O el trauma que viven los médicos que ahora se dan cuenta de que, debido a su propia pereza o avaricia, no cumplieron con sus responsabilidades éticas más básicas como sanadores, y como resultado de su monótona repetición del mantra, evidentemente falso, acerca de la seguridad y la eficacia de las “vacunas”, han traído enfermedad y miseria a varias familias cuya salud era su solemne responsabilidad de salvaguardar.
O, cómo no, el trauma de quienes que siempre asumieron que vivían en una sociedad arraigada en procesos legales más o menos ordenados y racionales que vieron que el gobierno, facilitados en su empeño por mentiras intencionadas emitidas por autoridades de salud pública, pudieron arrebatarles todo que habían logrado en la vida a base de decretos de dudosa legalidad ¿Sobre qué base pueden estas personas reconstruir la fe que necesitan para volver a emprender proyectos difíciles de larga duración? Dado que nadie ha sido procesado por el enorme daño que les causaron estos decretos ilegales y caprichosos, ¿cómo saben que no volverán a sufrir a las manos de un gobierno caprichoso e impune?
¿Y qué pasará con personas como un profesor de secundaria de Nueva York que conozco, quien solicitó, como era su derecho, una exención religiosa al mandato de vacunación, solo para descubrir, por boca del representante de la EEOC asignado a su caso, eso es, su supuesto defensor en la lucha contra el abuso de los de sus jefes, que la organización, al igual que su propio sindicato, había llegado a un acuerdo con la dirección del Departamento de Educación de la ciudad para no defender los derechos, legalmente incuestionables, de los disidentes de la vacunación forzada?
¿Y qué decir del trauma que experimentaron quienes creían que sus relaciones personales claves eran sacrosantas y basadas en una aceptación implícita del respeto por su singularidad como persona y su capacidad de decisión, solo para descubrir que, en realidad, se basaban en condicionalidades del tipo «solo te aceptaré si haces lo que quiero»?
Si no abordamos abiertamente el trauma que nuestra clase dirigente nos ha infligido en estos últimos años viviremos emocionalmente entumecidos y nos comportaremos cada vez más como aquel perro metafórico de Springsteen «al que se le ha dado demasiada paliza».
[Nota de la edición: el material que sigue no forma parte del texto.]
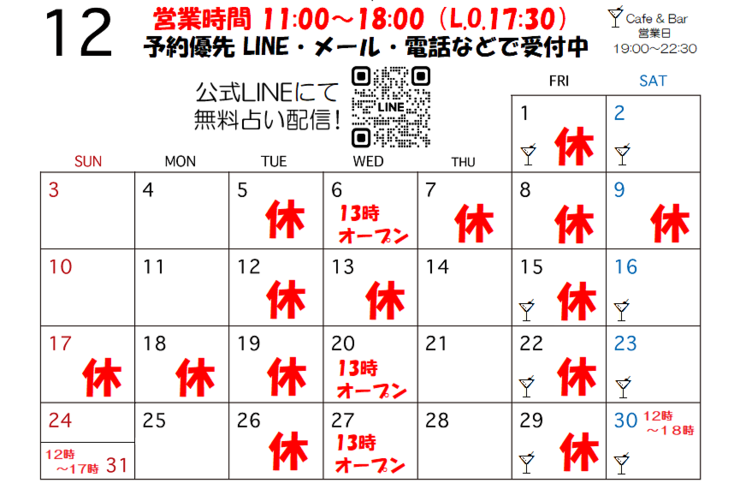 2023/11/29こんばんは。 浅草の開運占いカフェFullMoonです。 11月の営業も明日で終わりですね。 来月の営業予定を確認していたところ、今年ももうすぐ終わりということを実感するばかりです。 まだまだやり残したと思う事が多いのですが、やれる事をやっていこうと思うばかりです。 そんな中での12月の営業予定は以下の通りとなります。 9日は越谷のカルチャーセンターでタロットカードの講座を行うため、お休みとさせ... -
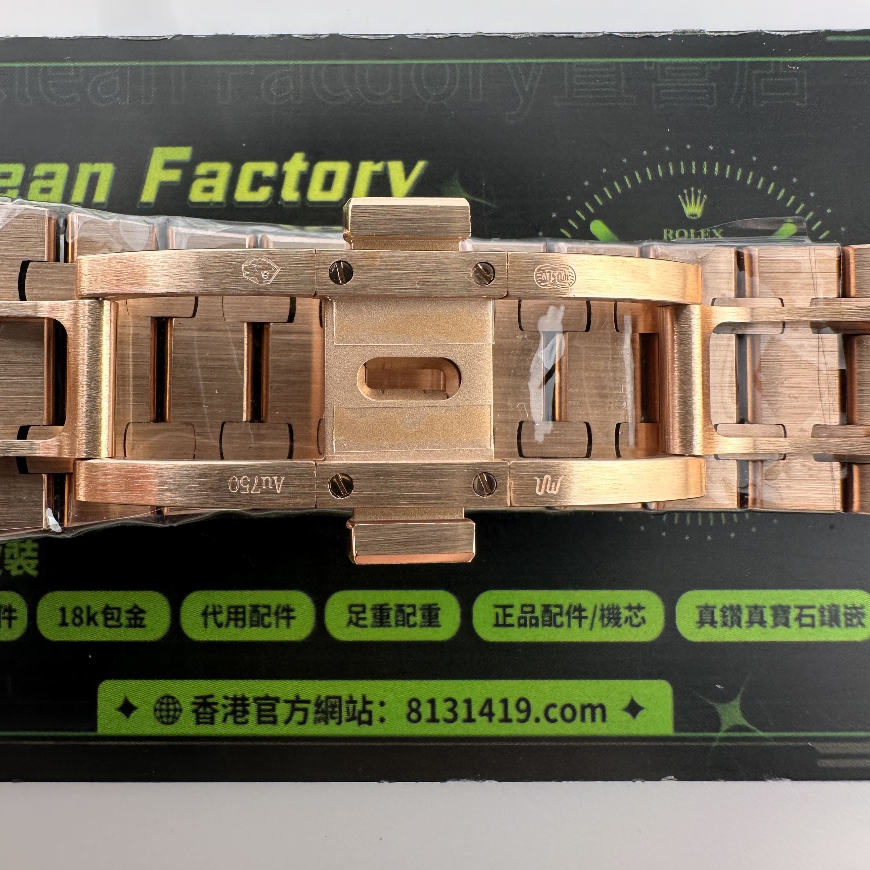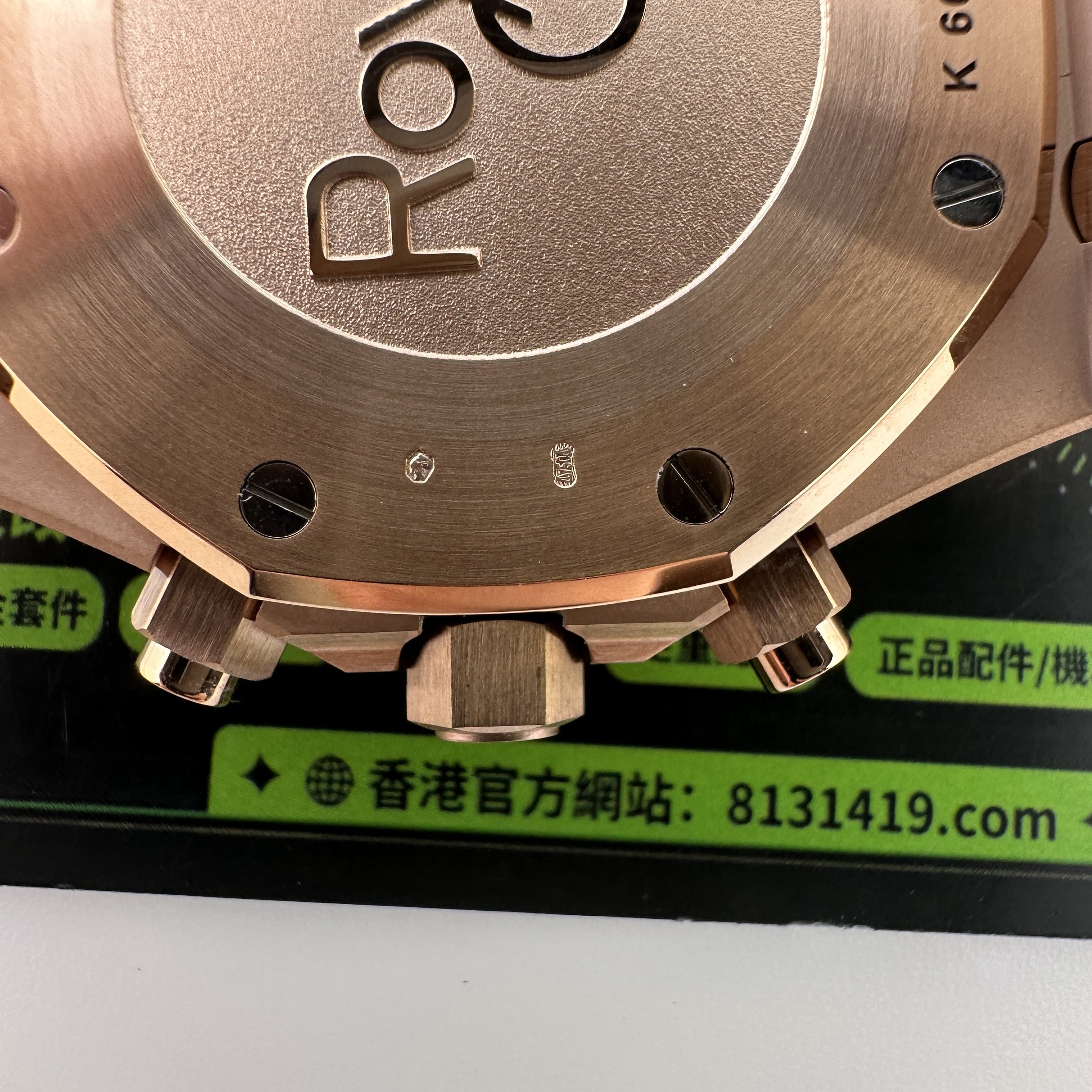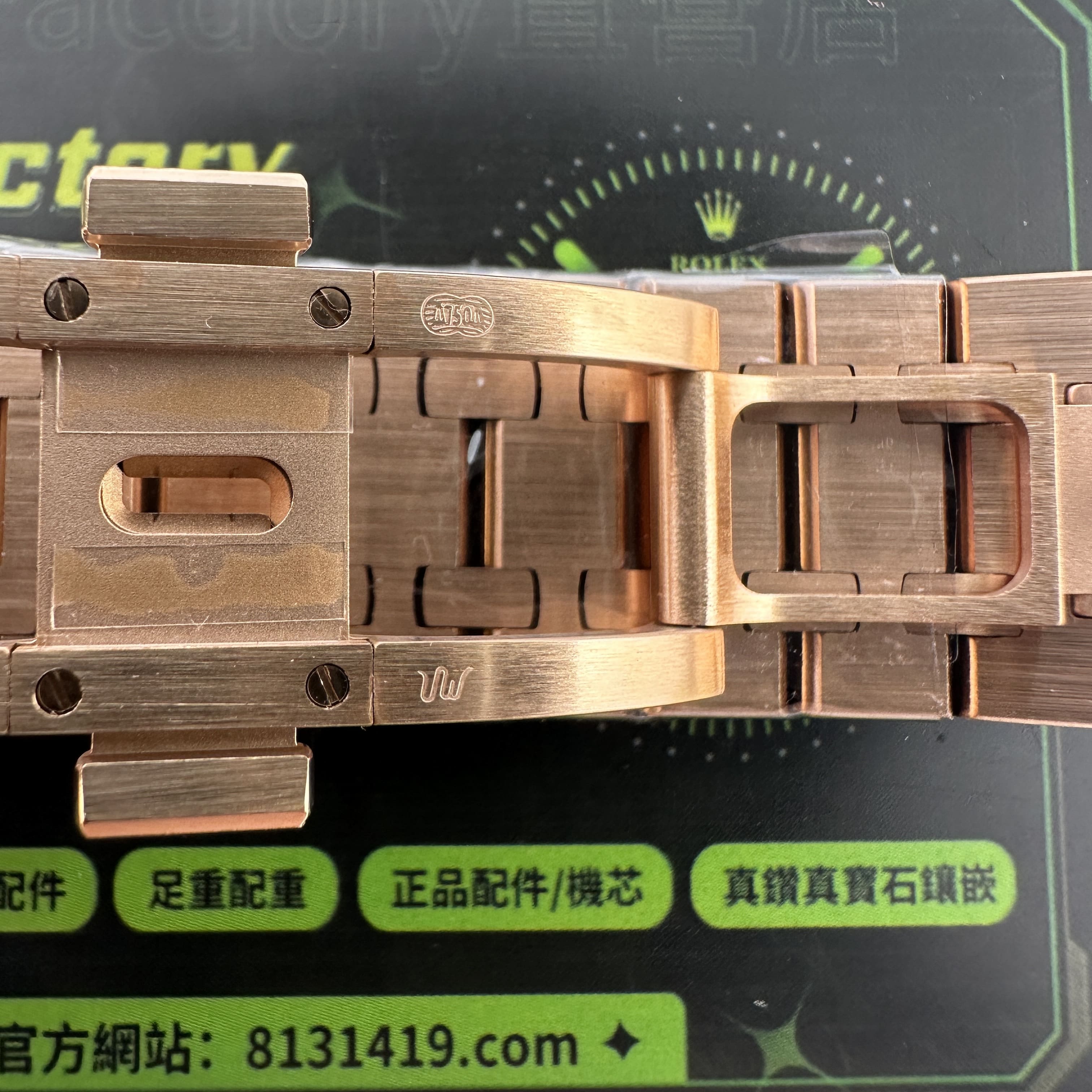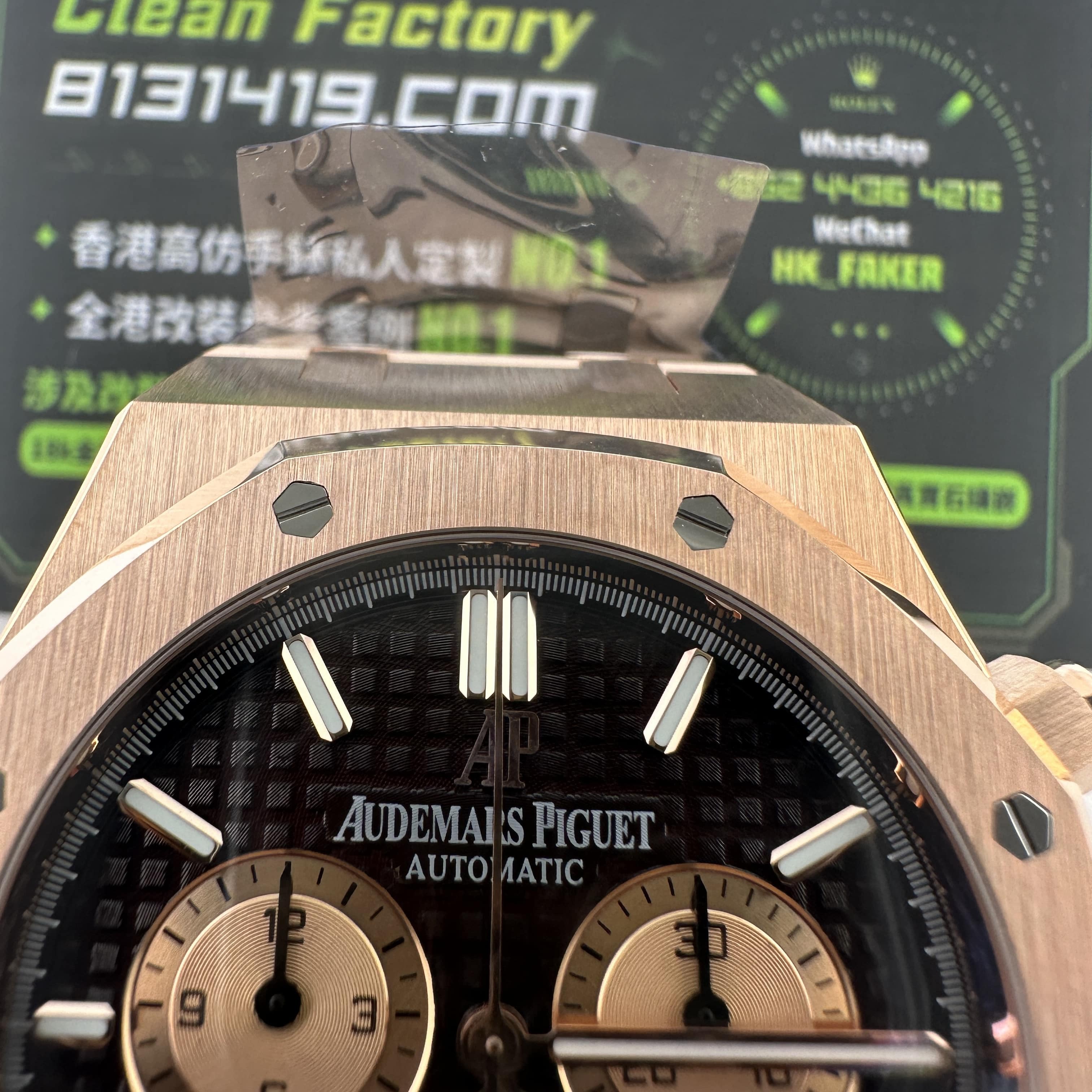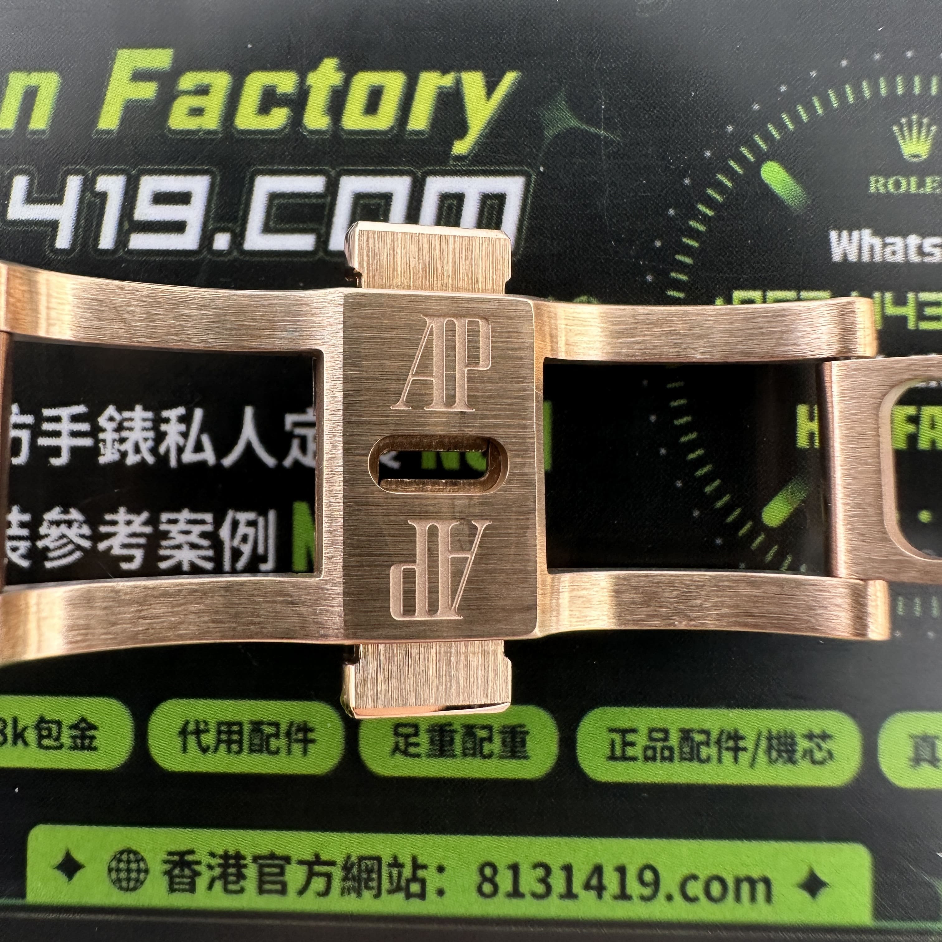這隻棕色錶盤由於在拍攝環境中呈現不出"棕色"特征,但實物APW廠26331出品的棕色對比原版的色差降至百分之3到5,非專業人士無法辨別出是否存在色差!其次是APW廠AP26331的日曆窗口與原版對比也是做到同一個位置距離.這說明了該錶配置的機芯是一體機芯架構.如果使用7750以及其他機芯增加甲板做"假機芯"其日曆窗口則是偏向錶盤邊緣.專櫃版本26331是搭載了Cal.2385機芯,高仿一體機芯則是1:1復刻機芯版本.

¿Nos resignamos a vivir así? Si no lo hacemos, tal vez sea hora de que empecemos a hablar abiertamente—al mismo tiempo que alentamos a otros a hacer lo mismo—sobre las profundas heridas que muchos de nosotros hemos experimentado en estos últimos años, no en la búsqueda narcisista de una simpatía fugaz, sino más bien en el interés de recuperar la capacidad de abrir los ojos a la belleza de vivir y de confiar lo suficiente en los demás como para extenderles la empatía que cada uno de nosotros, desde la infancia, siempre hemos soñado que se extendiera a nosotros mismos.
Sobre el autor
Thomas Harrington es catedrático emérito de Estudios Hispánicos en Trinity College en Hartford, Connecticut en los EE.U.U, así como Senior Brownstone Scholar, Brownstone Fellow y co-fundador de Brownstone España. Su investigaciones académicas se centran en los movimientos ibéricos de identidad nacional, las relaciones culturales intra-ibéricas y las emigraciones ibéricas hacia las Américas. Sus escritos sobre la política y la cultura han aparecido con frecuencia en la prensa estadounidense, así como en varios medios de comunicación en España. Es autor de cinco libros, siendo el último de ellos The Treason of the Experts: Covid and the Credentialed Class (2023). Varios de sus artículos de prensa y una muestra de su fotografía se encuentran en Words in The Pursuit of Light. Se puede acceder a una selección de sus trabajos académicos en https://trincoll.academia.edu/tharrington





Gracias Carlos.
Creo que la solución, en cuanto la haya, consiste en efectuar un renacer espiritual (nota que no dije religioso) que nos permita ver y, de ahí, rechazar conscientemente, las falsas promesas del modelo pseudo-religioso del progreso lineal inexorable, y volver a las experiencias menos mediadas y, por eso, más primarias de la existencia humana.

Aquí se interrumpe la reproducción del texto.